Don’t screw this up. It’s your last match.
Lex crouched, wiped the blood from his forehead with his shoulder, wedged the lamp between his knees, and carefully shielded the flame with his cupped hand. Slowly, he guided it to the lamp. This time, it caught. A smoky flame flickered to life on the wick. In its dim light, he saw the piles of fallen rock. Beneath a boulder, he spotted a bloodied arm. The sleeve was torn to shreds, covered in dust, and the hand scratched and bloody.
Lex checked for a pulse but found nothing, which meant only one thing: Jeff was dead.
He picked up the lamp, holding it by the handle, watching as the wick bent toward the wind. Leaving the man behind, Lex limped toward the source of the freezing gust.
After a while, he found a narrow hole in the stone wall, only waist-high. The wind blew into the cave from this opening, and bits of metal scrap and rubble lay scattered in front of it. Where did all this come from? He knelt down and shone the lamp inside. The stone walls were slick and glistening, and the freezing wind stung his face. For a moment, he wondered if he’d even fit through.
There’s only one way to find out.
With that thought, he crawled into the hole.

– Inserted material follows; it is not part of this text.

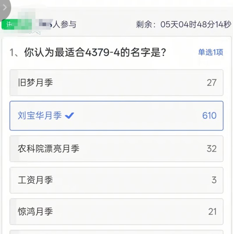 近日,云南省农科院开启了一项为新品种月季4379-4征名的活动,山东的康先生(网名:有之)发了个略带调侃的建议:“刘宝华月季,因为我二舅叫刘宝华。”没想到这条评论有超过1.5万名网友点赞,此后的投票中“刘宝华月季”真的被投到了“榜一”。随后,云南省农科院采纳了康先生的建议,给这种月季起名为“宝华月季”,并进行了网上申报。

On the other side, he wandered through abandoned mine shafts for what felt like an eternity. His hands and feet were frozen numb as he made his way through icy caverns, never encountering a single soul. His injured foot forced him to stop for breaks, but the biting cold made it impossible to rest for long. Eventually, he came across a hollowed-out space, about the same size as the burial ground. He stood at the entrance and shone his light inside.
A shelter? That was his first thought.
A dead man lay on a filthy mattress, surrounded by a pile of canned goods. Several water canisters were scattered around. The boy ventured in, bent down to examine the cans, set his lamp on the stone floor, and with stiff fingers, pried open a can of tomato soup. He slurped it straight from the can—cold, half-frozen.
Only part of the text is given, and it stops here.